Is it really a monstrous thing, as Branco implies, that there is this greater ease of moving further, once an international organization is started with a permissive charter? Or is it a great good? The difficulty in getting to agreement on international cooperation is a difficulty that our countries suffer from badly in this interdependent world. To my mind, it is fortunate that some international organizations, like NATO and the EC, have been formed in ways that facilitate moving further. Nationalists always cry that international institutions are going "too far too fast", but the main actual danger has always been "too little too late". Here gain we have to distinguish the legal-norm side from the moral-norm side: legally nothing is either committed to or excluded by these open-ended clauses, but morally they have suggestive value.

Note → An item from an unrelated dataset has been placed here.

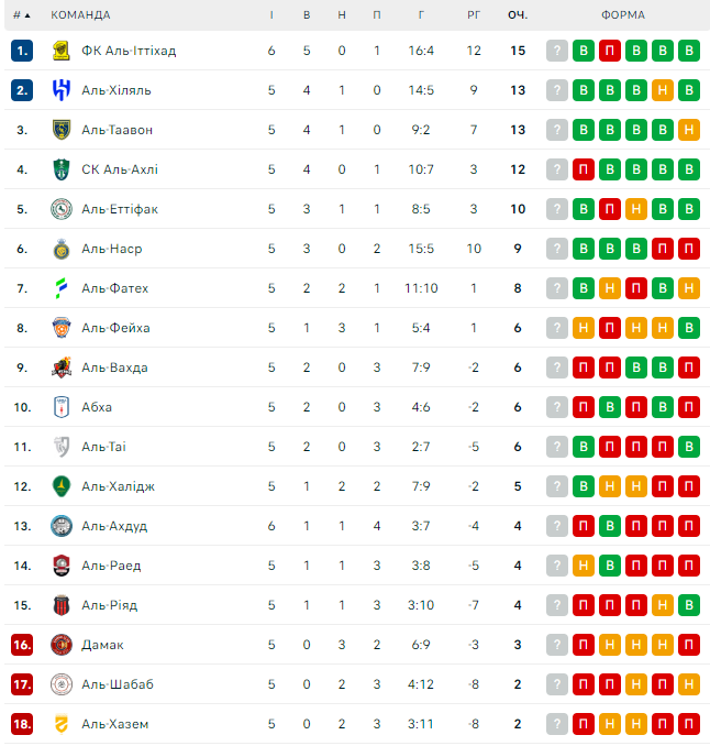 «Аль-Іттіхад» вийшов у лідери чемпіонату, набравши 15 очок з 18 можливих.

Whether Branco personally agrees that this suggestive value is a positive good is not really pertinent here, since it does not change the fact that a lot of people have viewed it that way, including the founders of NATO. No matter whether they were right or wrong in that feeling, the empirical fact remains that they had it; that is why they wrote the Treaty in a permissive way; and that is why its permissiveness is to be understood neither as a meaningless linguistic mistake nor a hidden monstrosity, but as a normal thing within the mainstream of human strivings.